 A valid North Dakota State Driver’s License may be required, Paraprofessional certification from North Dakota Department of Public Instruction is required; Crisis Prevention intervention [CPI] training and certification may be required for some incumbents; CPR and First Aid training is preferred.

---

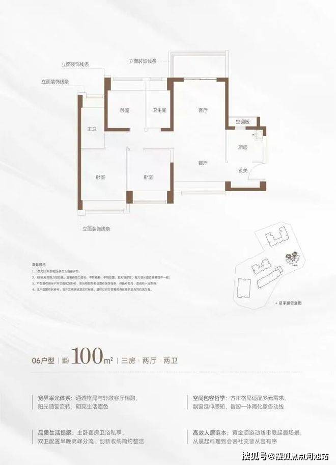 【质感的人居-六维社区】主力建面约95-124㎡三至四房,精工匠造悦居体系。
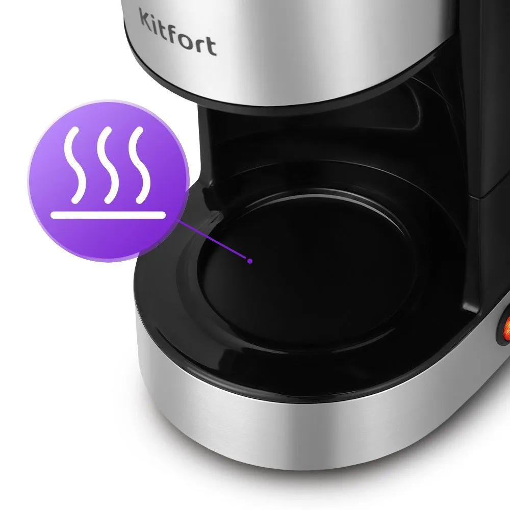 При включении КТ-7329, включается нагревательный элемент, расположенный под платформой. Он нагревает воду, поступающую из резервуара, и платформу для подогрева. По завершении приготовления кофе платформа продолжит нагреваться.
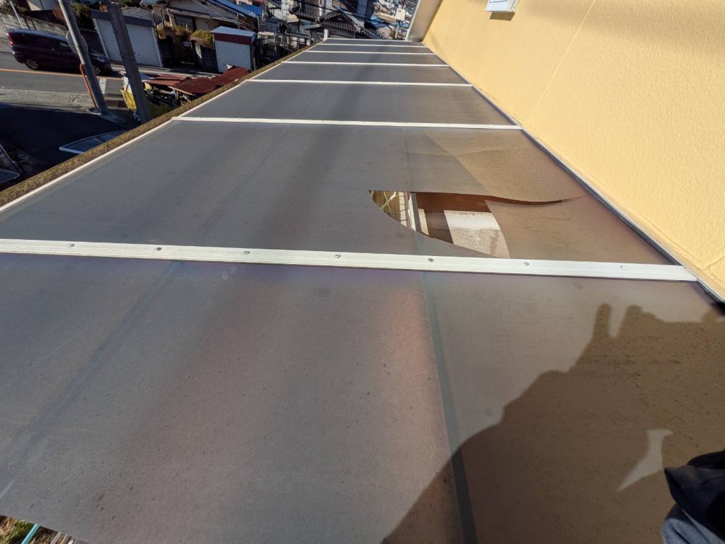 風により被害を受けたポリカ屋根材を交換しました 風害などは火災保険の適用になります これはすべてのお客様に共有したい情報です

= EXERCISE BRIEF =
Reproduce the listing above exactly from the line containing "При включении КТ-7329, включается" up to and including the line containing "風により被害を受けたポリカ屋根材を交換しました 風害などは火災保険の適用になります これはすべてのお客様に共有したい情報です", omitting any images and everything outside those lines.

= YOUR SOLUTION =
 При включении КТ-7329, включается нагревательный элемент, расположенный под платформой. Он нагревает воду, поступающую из резервуара, и платформу для подогрева. По завершении приготовления кофе платформа продолжит нагреваться.
 風により被害を受けたポリカ屋根材を交換しました 風害などは火災保険の適用になります これはすべてのお客様に共有したい情報です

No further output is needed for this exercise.